Vergo is a mid-M3 level. Rest is really far below. Franky could of beat Senor by a mid diff if he was on his Shogun or if he actually didn't bother playing the manliness game. Franky is above Senor in every stat but speed and flexibility. I'm also pretty sure Franky would be able to beat Diamante if he was on his Shogun.
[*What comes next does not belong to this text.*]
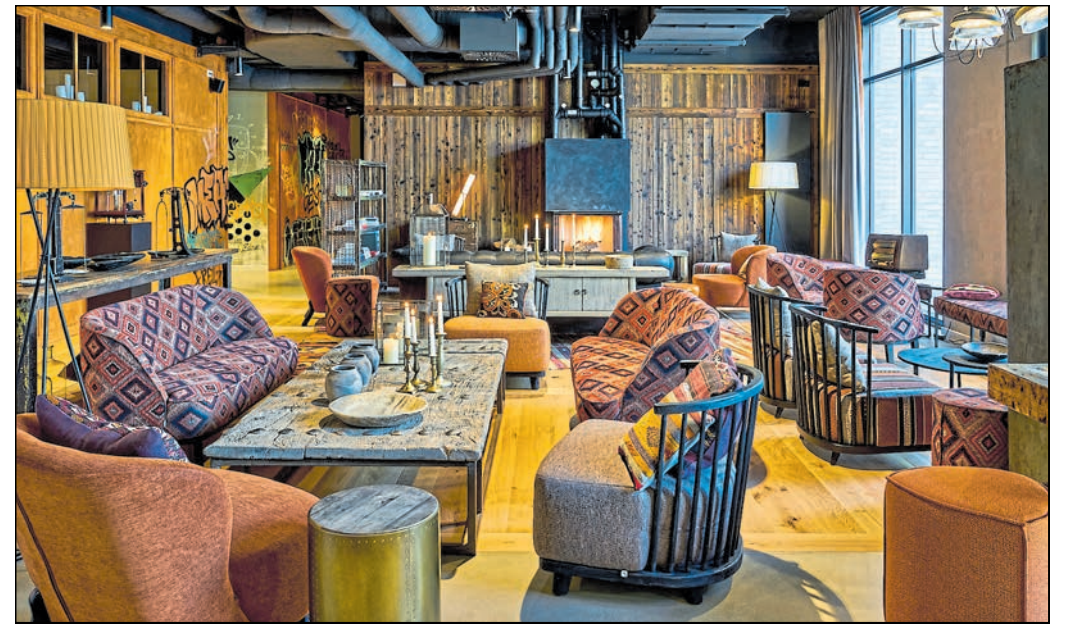
Holz-Ambiente mit Parkett-Fußboden im Hotel Freigeist in der Göttinger Nordstadt.

Parkett ist ein dauerhafter Bodenbelag mit langer Lebensdauer. Deshalb wird er gerne sogar in Gebäuden und auf Flächen genutzt, auf denen sich Menschen in großer Zahl bewegen. „Parkett wirkt elegant und der nachwachsende Rohstoff Holz strahlt zugleich Wärme und Behaglichkeit aus. Das gilt für die eigenen vier Wände ebenso wie im öffentlichen Raum. Parkett verbindet damit den in öffentlichen Gebäuden gewünschten repräsentativen Charakter mit dem natürlichen Charme eines umweltfreundlichen Bodenbelags“, erklärt so der Vorsitzende des Verbandes der Deutschen Parkettindustrie (VDP), Michael Schmid.

The non-Vergo seats are just that weak sadly. Pica might be right on the middle of the gap between mid3 and M3


----------



## Grimm6Jack (Aug 26, 2015)

The Seats are definitely not as weak as some people are making them out to be.
Sanji beating 3 Seats?
Zoro soloing them?
Ridiculous...

I believe it can go either way, while Zoro and Sanji are the strongest, the executives are not so far behind and have a couple of abilities going on them and of course the superior number of teammates.


----------



## Coruscation (Aug 26, 2015)

Go D. Usopp said:


> No they are not close to M3 level (bar Vergo). The underestimation of the Strawhats is worst than the underestimation of the seats. But look:
> 
> *Trebol:*
> - Base Luffy just casually kick Trebol out of the way.
> ...



Nothing but hyperbolic downplay. You're wildly making things up, like Usopp "losing confidence" or Robin being "scared" due to thinking Trebol is a Logia. You exaggerate their moments of weakness with the same trite hyperbole that people love to use around here, sprinkled with flat-out lies because why not. Make an honest argument, maybe then I'll care enough to actually engage in what can reasonably be called a debate, because this is not one.


----------



## Ekkologix (Aug 26, 2015)

Coruscation said:


> Nothing but hyperbolic downplay. You're wildly making things up, like Usopp "losing confidence" or Robin being "scared" due to thinking Trebol is a Logia. You exaggerate their moments of weakness with the same trite hyperbole that people love to use around here, sprinkled with flat-out lies because why not. Make an honest argument, maybe then I'll care enough to actually engage in what can reasonably be called a debate, because this is not one.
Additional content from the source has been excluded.